When Jared Dixon worked up the courage to come out to his parents it didn’t go well. His father said that being gay was “abnormal.” His mother and father began pressuring Jared to try “ex-gay” conversion therapy. This is a discredited practice that falsely claims to change sexual orientation or gender identity through prayer or pseudo therapy. Former leaders of this movement now denounce it as an ineffective fraud that browbeats participants with unhealthy doses of guilt and shame.

At this time, Jared was also processing the toxic lessons he learned while attending Catholic School in Washington, DC. “Homophobia was embedded in every aspect of our culture,” he recalled. “The church’s anti-gay stance and its impact on me was, I felt I could never be myself.”

Jared’s relationship with his family was strained as they continued trying to coerce him into conversion therapy. Exasperated and worn down from the stress, Jared reluctantly agreed to give “ex-gay” conversion therapy a try. It was a mistake that haunts him to this day.

“I had no idea how insidious and how damaging it was going to be. I felt trapped,” Jared emphatically stated. “I decided to go into the therapy because I was just tired of everybody just walking around the house like somebody had died.”

In 2011, Jared started his “pray away the gay” counseling with infamous therapist Christopher Doyle of the International Healing Foundation, which was founded by the bizarre life coach Richard Cohen. Doyle once admitted that as a young man he had sexually molested children.  “I tried to have sex with the little girls that my mother watched in her daycare, and eventually, one of the girls told her parents what I was doing,” the counselor confessed in his bio.

Jared recalls Doyle talking in circles and offering empty platitudes with no real plan to create the “change” he promised in his promotional materials. “He really didn’t provide us with any type of concrete, realistic timeframe for that ‘change’ to be realized. These tactics that he used to keep us in his program were absolutely scare tactics. They were designed to engender this fear and this phobia of LGBTQ people, of same-sex couples. What I experienced with Chris Doyle was a lot of trauma, with a capital T.”

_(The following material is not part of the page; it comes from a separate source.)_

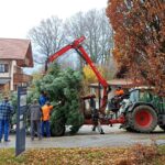 Am Samstag vor dem ersten Advent trafen sich am Vormittag zehn fleißige Helfer, um den in diesem Jahr von Georg Rutz aus Pang gespendeten Baum aufzustellen und mit einem neuen Stern auszustatten. Die Installation der energiearmen Beleuchtung in Form von Lichterketten samt Zeitschaltuhr folgt dann noch am Dienstagvormittag.

The futility of Doyle’s abusive, shame-peddling program caused Jared to become severely depressed. “It was debilitating,” Jared recalled. He decided that taking his own life was the only way out of his conundrum. Having never tried booze, one day he drove to a liquor store and bought an entire bottle of vodka.

“I remember taking a few sips of the vodka and the next thing you know I’m drinking it straight like it’s water and then I blackout completely.” When Jared woke up the next day, he was sad that he was still alive. “I’m still here,” he dejectedly thought.

The alarming incident caused Jared to contemplate leaving conversion therapy. He knew something had to give. “It was the first time I had ever been drunk. It was the first time that I had ever considered taking myself out. And I struggled to realize that that’s what I was trying to do.”

After five months of “utter agony”, Jared left Christopher Doyle’s fraudulent program. He decided that he would love himself and live his truth as a gay man. He eventually found other conversion therapy survivors and they formed a tight bond, vowing to ban conversion practices worldwide. “They’ve become my second family,” Jared said.

“What I would say to Christopher Doyle if he walked into the room right now would be, “I’m still here. You tried to erase who I am. You told me I wouldn’t have a successful relationship, but I’ve been with my fiancé going on nine years. We want a family. We are building a life together. So, you didn’t win. You tried to break me, you almost broke me. But, you didn’t.”

To remember his experience in conversion therapy and to help others, Jared wrote a book, Corrupted: The Truth Shall Be The Nail In Your Coffin.

“I saw myself as a victim until a few years ago,” Jared explained. “Being a survivor means, for me, that I’m not going to allow people like Chris to hinder my ability to lead a prosperous, joyful life.”